SIENNA Belle was not expected to make it past her first birthday. This past weekend, however, she celebrated her seventh.
Born with a congenital heart condition that doctors said would eventually claim her life, Sienna's mum Karen Beutel is relishing every moment with her daughter.
But the family still has a long road ahead of them.
Sienna needs a world-first procedure that includes four surgeries within the next two years, and even then there is no guarantee she will live.
The family is raising funds to help cover the cost, and their GoFundMe campaign "Saving Siennas Broken Heart" has already raised $2215 towards a $2500 target.
"Without it we probably won't have Sienna so we kind of have to give it a go," Ms Beutel said.
"Even though we were told she won't have a long life expectancy there is still no guarantee.

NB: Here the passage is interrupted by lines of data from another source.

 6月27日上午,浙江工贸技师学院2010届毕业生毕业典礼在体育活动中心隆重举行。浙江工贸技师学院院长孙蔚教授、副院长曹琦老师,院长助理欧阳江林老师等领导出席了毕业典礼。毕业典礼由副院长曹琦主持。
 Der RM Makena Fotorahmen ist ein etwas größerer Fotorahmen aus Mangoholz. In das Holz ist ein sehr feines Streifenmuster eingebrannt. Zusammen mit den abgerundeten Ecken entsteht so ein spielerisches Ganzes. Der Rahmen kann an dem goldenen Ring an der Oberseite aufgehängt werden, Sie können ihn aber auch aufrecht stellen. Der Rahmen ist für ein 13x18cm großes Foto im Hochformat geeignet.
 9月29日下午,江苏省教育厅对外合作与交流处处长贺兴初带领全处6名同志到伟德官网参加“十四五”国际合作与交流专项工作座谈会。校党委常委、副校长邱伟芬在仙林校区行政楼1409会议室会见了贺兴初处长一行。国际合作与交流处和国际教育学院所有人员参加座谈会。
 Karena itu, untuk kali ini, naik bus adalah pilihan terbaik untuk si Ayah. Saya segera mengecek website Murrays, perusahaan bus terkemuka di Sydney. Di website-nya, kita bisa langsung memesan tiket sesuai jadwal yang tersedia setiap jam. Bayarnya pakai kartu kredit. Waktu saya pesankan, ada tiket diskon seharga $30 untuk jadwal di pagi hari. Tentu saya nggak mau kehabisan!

"At the moment if we don't try anything she will be on oxygen at home; she will slowly get bluer, more puffed and we sort of don't know how long we have got."

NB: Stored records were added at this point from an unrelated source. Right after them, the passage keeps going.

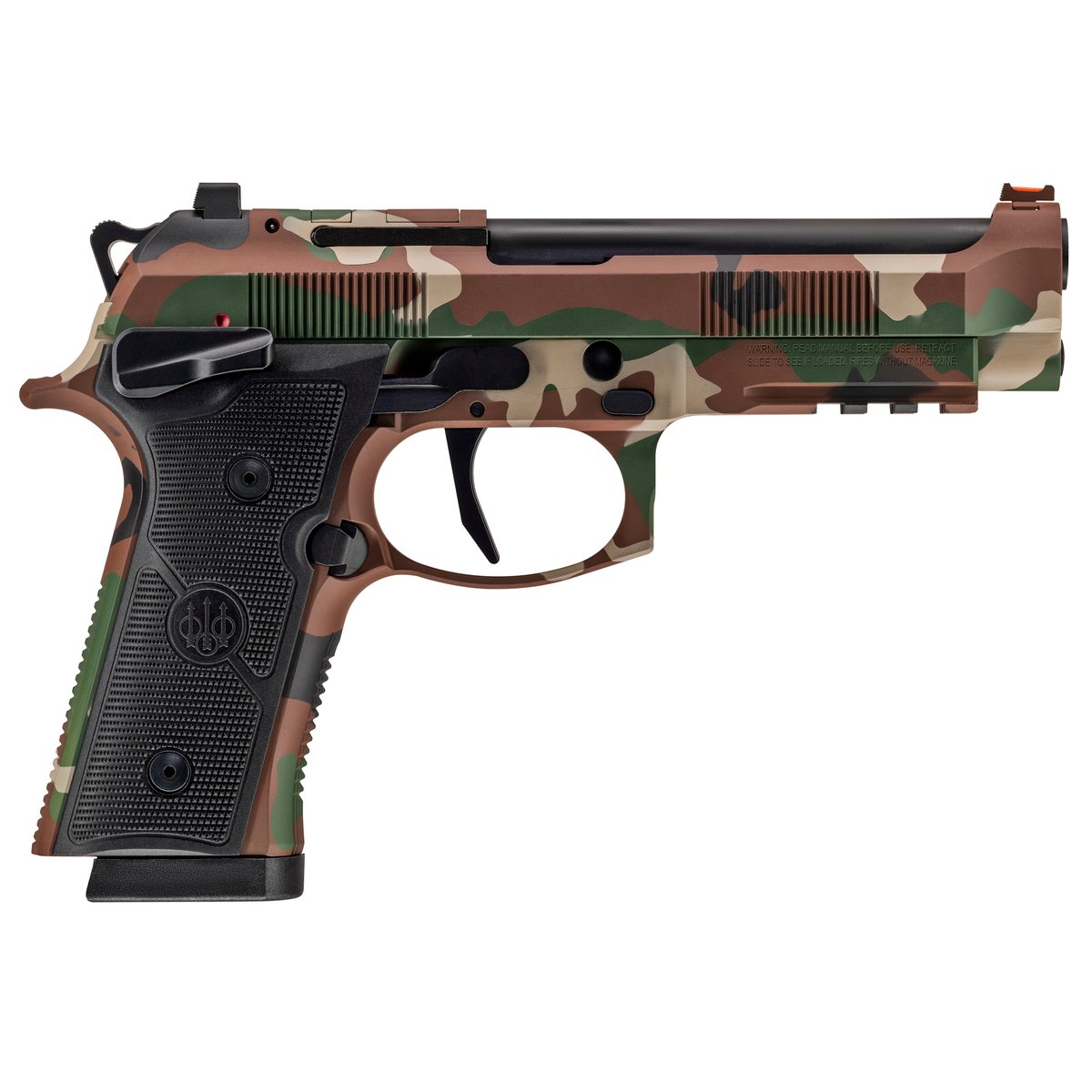 The 92XI Combat series pays homage to American history of military camouflage patterns. Each pistol is hand painted by veteran-owned company Howe Arms, which makes each pistol unique by having its own footprint. This model features the Battle Dress Uniform camouflage pattern designed for woodland environments that was utilized from the early 1980s until the mid-2000s. Two 10-round magazines are included.
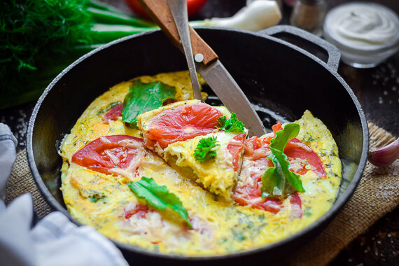 Омлет с сыром, помидорами и кабачками на сковороде - простой рецепт
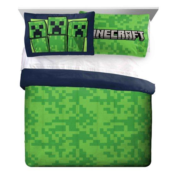 Transform your room with this Minecraft 3-Piece Queen Reversible Comforter Set. The colorful, front design of this comforter features Minecraft block images, while the reverse of the comforter features a simple but vibrant green Creeper pattern. This reversible Minecraft comforter measures at 86" x 86", making it the perfect fit for any queen size bed, along with one 20" x 30" pillowcase to complete the look. This 3-piece comforter set is made entirely of 100% super soft microfiber and is machine washable for easy and convenient care. Coordinating queen sheet sets, blankets and throws are sold separately only on.
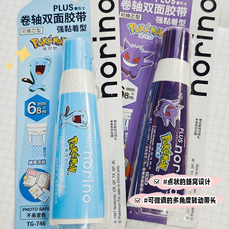 日本PLUS普乐士点点胶宝可梦限定皮卡丘双面胶便携式可爱手账胶带
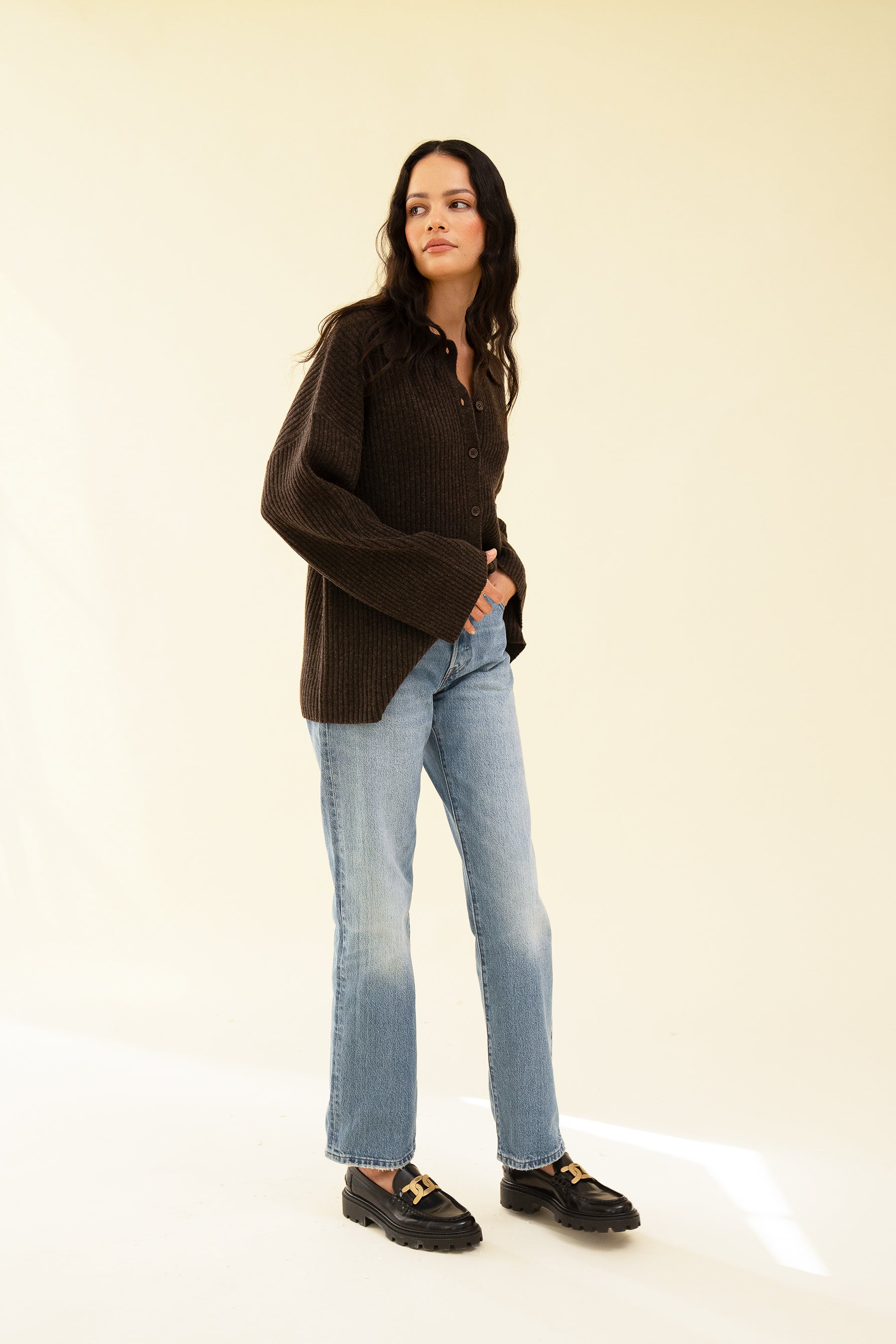 The Clio is the ultimate relaxed knit, she has a dropped shoulder and oversized fit with button front and collar. She's made from 100% RWS certified Merino Wool. Model wears size S, she is 5'9.
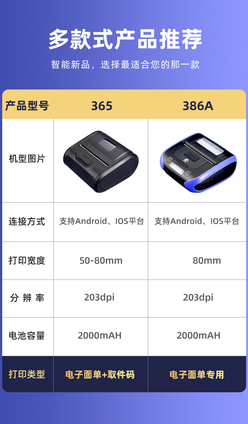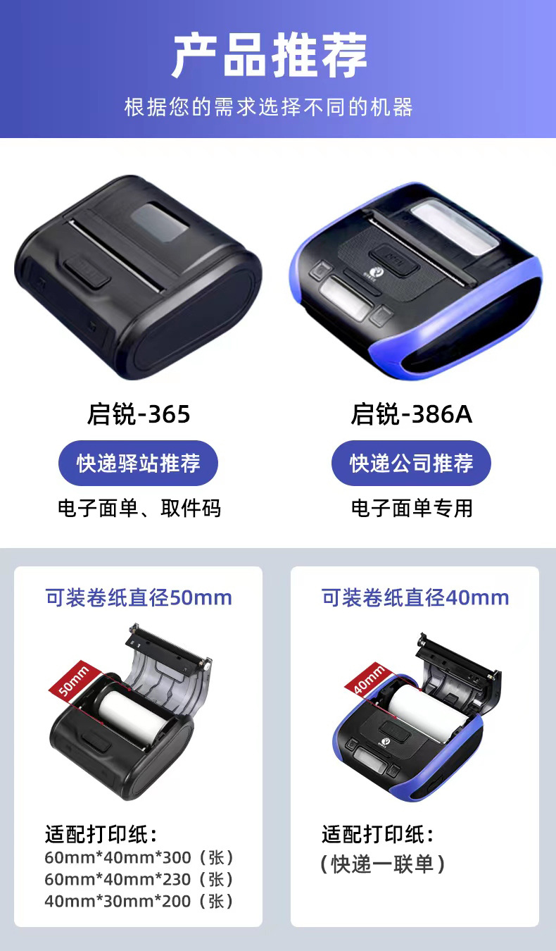 Qirui QR386A 휴대용 단일 기계 열 블루투스 익스프레스 단일 전자 단일 소형 프린터 QR365C스토어 가기
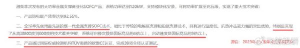 2023年其推出了大功率金属支撑商业化SOFC产品,热电联产效率达92.55%,创全球最高记录,且启动速度与启停寿命均领先国际竞品。
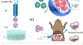 The β-cell microcapsules prepared by the microfluidic electrospray method were transplanted into the omentum pouch of mice for intelligent release of insulin to treat diabetes. Studies have shown that microcapsules can encapsulate cells while allowing nutrients and metabolites to enter and exit. This ability helps protect cells, improve cell activity, and reduce inflammation. In addition, the β-cell microcapsules can intelligently release insulin. The constructed living cell biosystem was further demonstrated its potential as artificial islets to be transplanted into diabetic mice omentum pouch to control blood glucose levels and thus treat diabetes of mice.

One of the most heart-breaking moments for the family came not long after she was born.
After undergoing heart surgery at 12 days old, doctors delivered bombshell news.

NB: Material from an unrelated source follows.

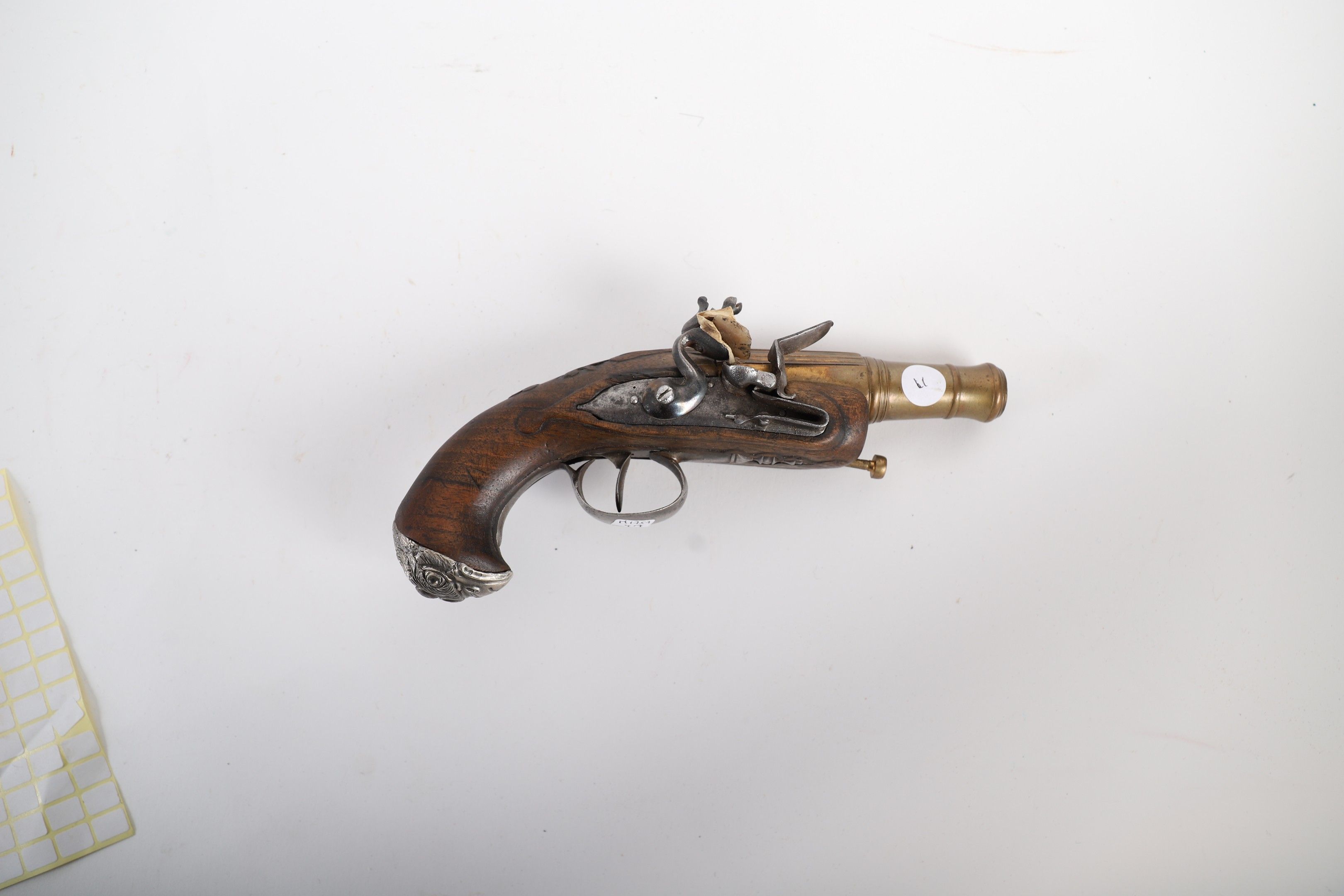 Premium PISTOLET DE CARROSSE A SILEX. Canon en bronze à pans puis ro…
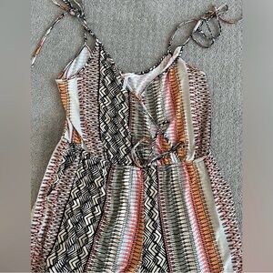 Gorgeous tribal design jumpsuit romper with side leg slits. Army green cream orange colors,

"Every day is a blessing with Sienna because she wasn't expected to last past Christmas when she was born," Ms Beutel said.
"(When she was born) we went for more testing and on Christmas Eve they said 'take her home and love her because it's going to be her first and last Christmas'."
Despite the adversity she has faced, Sienna Belle is like any other seven-year-old; she goes to school, she plays with her older brother Declan at home and ate almost her body weight in candy at her birthday party at the weekend.
Whizzing around on her bike in the living room, oozing energy, you would find it hard to believe that she doesn't have long left to live.
Ms Beutel summed up in one word her feelings about being able to throw her daughter a seventh birthday party.
"Lucky," she said.
"It hasn't been easy but you have to take each day as it comes. You can't just keep crying though because you've got to make the best of every day and give her the best chance that you can."
In their kitchen, proof of the articulate young girl Sienna is becoming covers the walls.
Among them are drawings from school, and even a few medals for throwing surprisingly.
Sienna even invented her own word: "infibian" - because infinity isn't enough, she said.
"I love you infibian" is a common phrase in the family home, and it's one they hope to hear from Sienna for years to come.